Over nearly four months, Wade worked on recreating an exact replica of the original specimen. “I regret not taking images of him while he was at work,” said Deepak Veerapan, Scientific Associate, Natural History Museum, London, in an email. “Ed uses a microscope fitted with camera lucida to carefully hand draw every scale on the snake’s head and neck in order to reconstruct it to its original shape. It takes days, sometimes weeks, for him to draw one snake.”

According to Das, the Smithophis arunachalensis is so rare that since its first collection in 1935, only five other specimens have been registered and multiple surveys in Lower Dibang Valley in Arunachal Pradesh yielded only one sighting. “So little is known of the distribution and natural history of this species that it is currently likely to qualify as ‘Data Deficient’ based on criteria for the Red List of Threatened Species,” he said.
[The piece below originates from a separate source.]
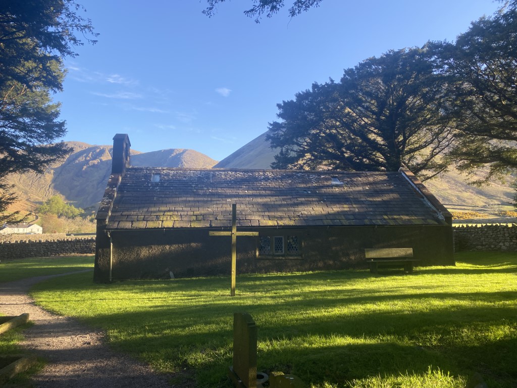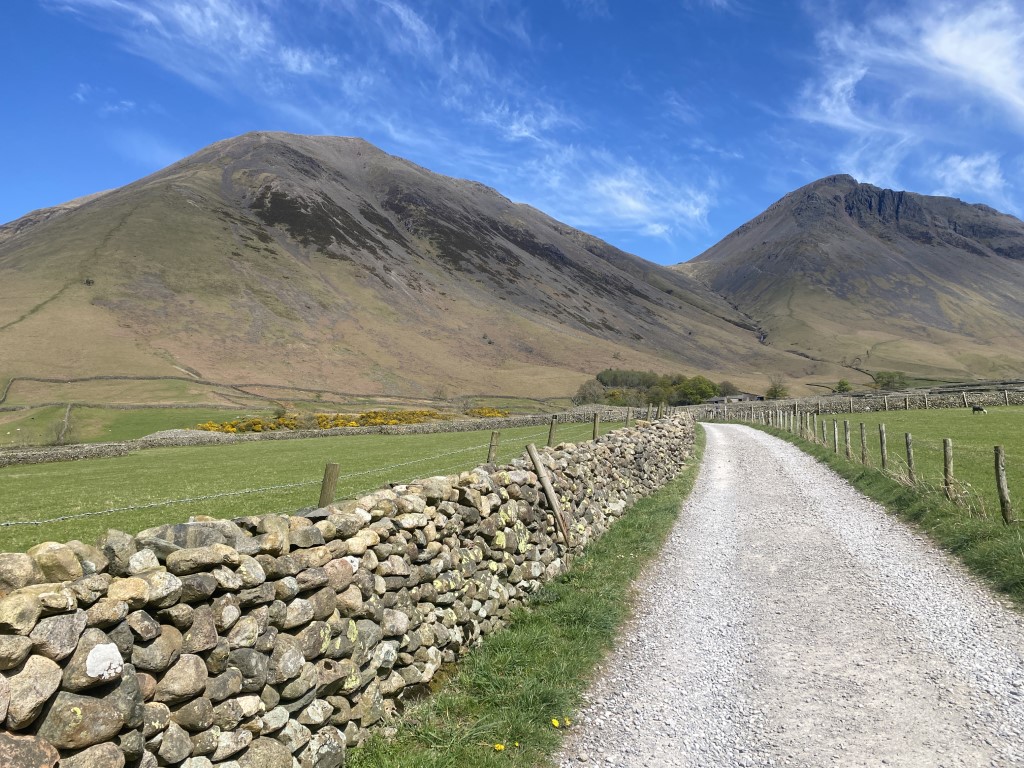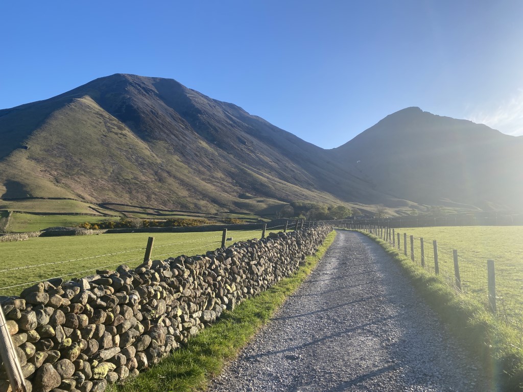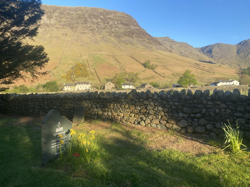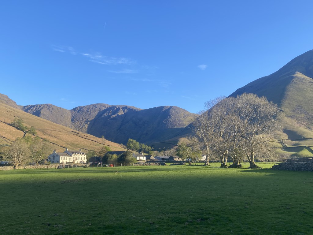 View to the Wasdale Inn with the slope of the front of KIrk Fell on the right.
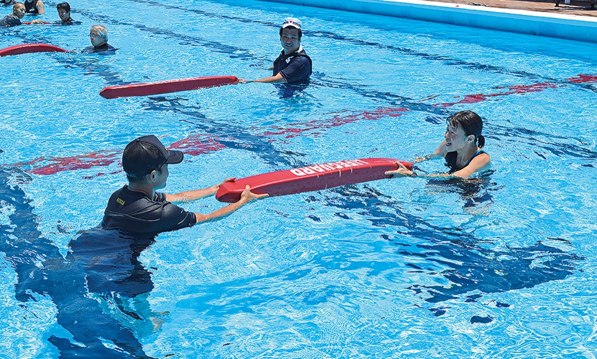 当日は、胸骨圧迫のほかAEDの使い方などをプールサイドで体験。胸骨圧迫の際の姿勢など、気を付けるべきポイントを確認した後、参加者はプールでの実践へ。足がつかないところで溺れている人を発見したときの、チューブを使った救助の仕方を、デモンストレーションを交えながら学んだ。

The discovery also throws up another pertinent point. “The new species is found in Lower Dibang Valley and Changlang Districts in eastern Arunachal Pradesh. The localities are at the downstream of Proposed Etalin Hydropower Project,” said Das. The contentious hydroelectric power project has sparked concerns from environmentalists ever since it was proposed.

Veerapan added that such dams have the potential to “submerge the safe haven that many endemic species, including the Smithophis arunachalensis, inhabit.”